Data extracted from a collection:
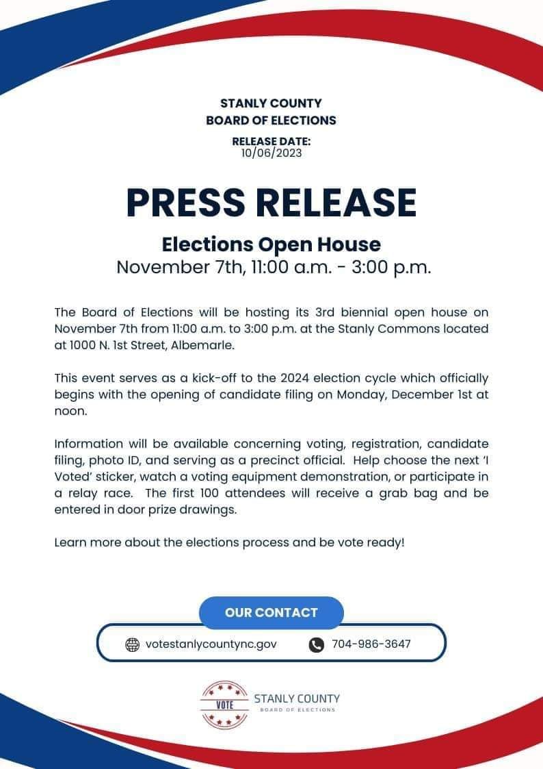 The Stanly County Board of Elections will host its 3rd biennial open house on November 7th from 11:00 a.m. to 3:00 p.m. at the Stanly Commons located at 1000 North 1st Street in Albemarle.
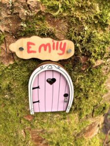 It has rained heavily overnight but this morning the sun is shining brightly through the clouds and the whole place sparkles. It feels like a good day for my second chance to walk with Ruby. She should have been the 19th walker to circle the Moss with me, but as I confessed to Ellie, who took that place instead, I missed my appointment earlier that morning. This cost Ruby a wasted trip all the way from her home near the Pentlands, just south of Edinburgh. Graciously, Ruby has returned today, and I couldn’t be more thankful. I meet her by her car at the far end of the station carpark. As we set off, I notice that a fairy door has appeared in a birch tree.
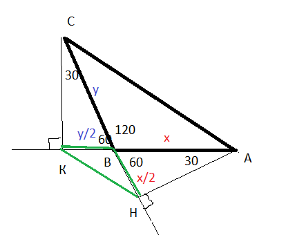 В треугольнике АВС угол В= 120, АН и СК - высоты. Найдите площадь треугольника НВК, если площадь треугольника ABC=4
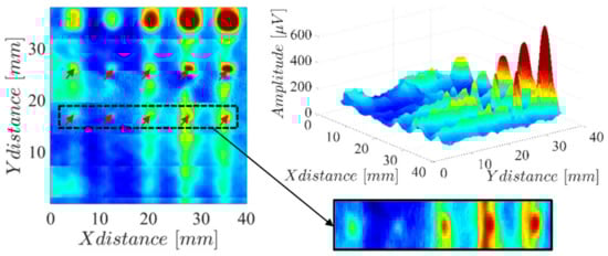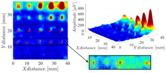 The obtained results are shown in Figure 16 and reveal the presence of all the hole defects whose diameter is greater or equal to 0.8 mm. The result in Figure 16 also highlights some mismatch in the sensitivity of each sensor channel, which can be observed in the horizontal lines every 5 mm.
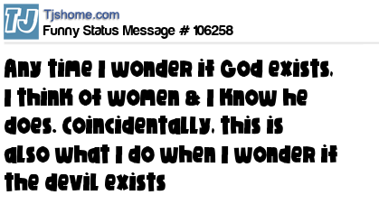 X says Any time I wonder if God exists, I think of women & I know he does. Coincidentally, this is also what I do when I wonder if the devil exists
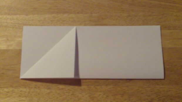Comienza doblando el papel por la mitad a lo largo de su longitud. Apriete la esquina en el centro. Repita en el otro lado.
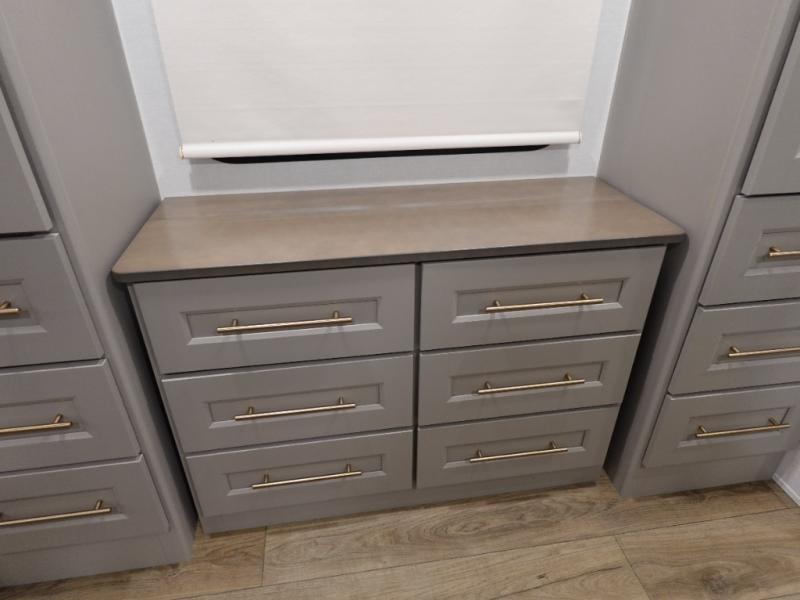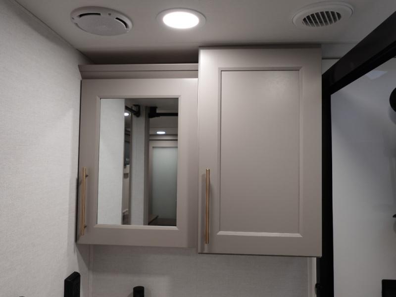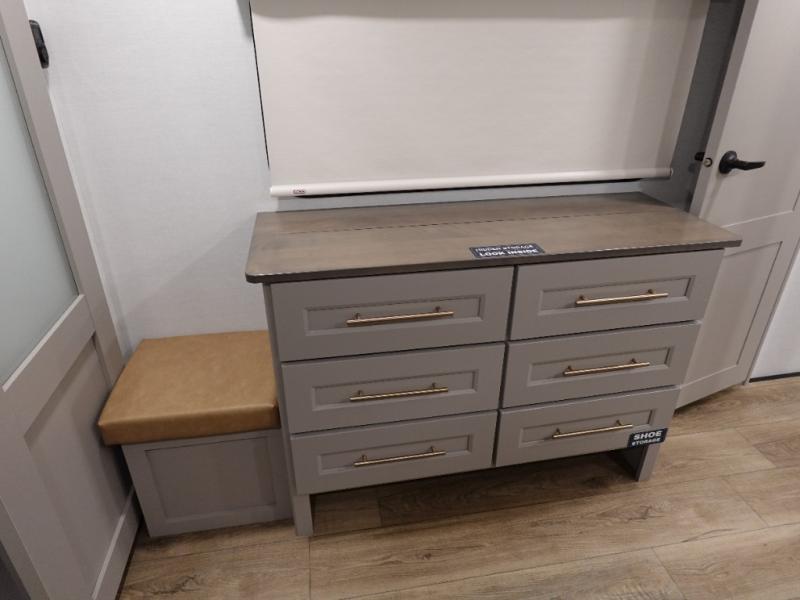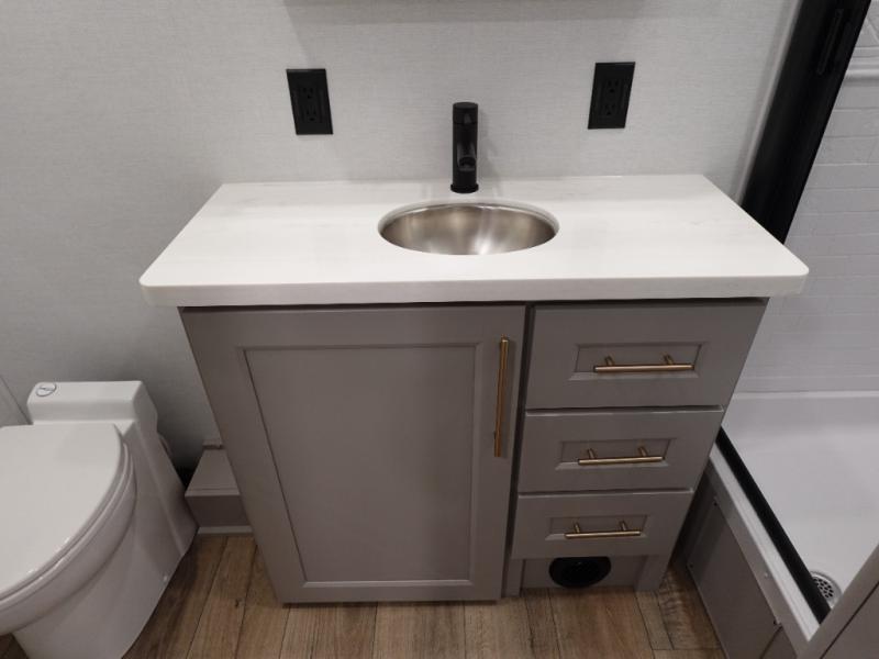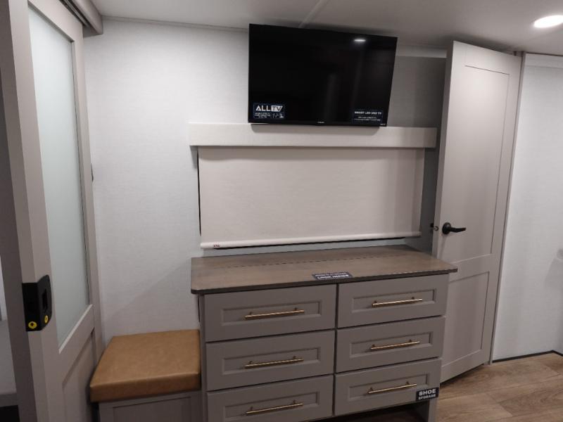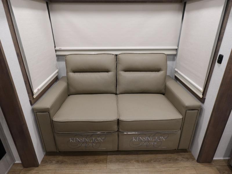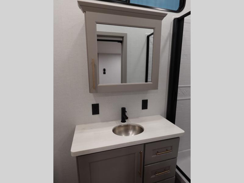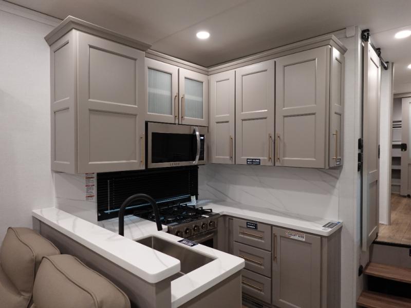 The Paradigm fifth wheels by Alliance RV are functional, high-quality, and luxurious for an unforgettable camping experience. There are three A/C units and a 40K BTU furnace to keep you comfortable year around, and you'll appreciate additional convenient amenities, like the all-in-one enclosed/heated utility center and the color coded and numbered wiring. A Rota-Flex pin box comes standard for hassle-free towing, along with Super-G 4,400 lb. rated tires and Dexter 7,000 lb. axles. You'll love the kitchen with its LG solid surface countertops and Lusso range, plus there is LED motion lighting in the pantry and a Maxx fan with a rain sensor to keep everything fresh when making dinner. Each model also includes an HD Smart TV in the living room and bedroom, plus a Winegard Air 360 antenna to keep you connected to the outside world.

→ WORK ORDER
Go through the entries above and print each one exactly, minus the pictures.

→ TASK RESPONSE
 The Stanly County Board of Elections will host its 3rd biennial open house on November 7th from 11:00 a.m. to 3:00 p.m. at the Stanly Commons located at 1000 North 1st Street in Albemarle.
 It has rained heavily overnight but this morning the sun is shining brightly through the clouds and the whole place sparkles. It feels like a good day for my second chance to walk with Ruby. She should have been the 19th walker to circle the Moss with me, but as I confessed to Ellie, who took that place instead, I missed my appointment earlier that morning. This cost Ruby a wasted trip all the way from her home near the Pentlands, just south of Edinburgh. Graciously, Ruby has returned today, and I couldn’t be more thankful. I meet her by her car at the far end of the station carpark. As we set off, I notice that a fairy door has appeared in a birch tree.
 В треугольнике АВС угол В= 120, АН и СК - высоты. Найдите площадь треугольника НВК, если площадь треугольника ABC=4
 The obtained results are shown in Figure 16 and reveal the presence of all the hole defects whose diameter is greater or equal to 0.8 mm. The result in Figure 16 also highlights some mismatch in the sensitivity of each sensor channel, which can be observed in the horizontal lines every 5 mm.
 X says Any time I wonder if God exists, I think of women & I know he does. Coincidentally, this is also what I do when I wonder if the devil exists
Comienza doblando el papel por la mitad a lo largo de su longitud. Apriete la esquina en el centro. Repita en el otro lado.
 The Paradigm fifth wheels by Alliance RV are functional, high-quality, and luxurious for an unforgettable camping experience. There are three A/C units and a 40K BTU furnace to keep you comfortable year around, and you'll appreciate additional convenient amenities, like the all-in-one enclosed/heated utility center and the color coded and numbered wiring. A Rota-Flex pin box comes standard for hassle-free towing, along with Super-G 4,400 lb. rated tires and Dexter 7,000 lb. axles. You'll love the kitchen with its LG solid surface countertops and Lusso range, plus there is LED motion lighting in the pantry and a Maxx fan with a rain sensor to keep everything fresh when making dinner. Each model also includes an HD Smart TV in the living room and bedroom, plus a Winegard Air 360 antenna to keep you connected to the outside world.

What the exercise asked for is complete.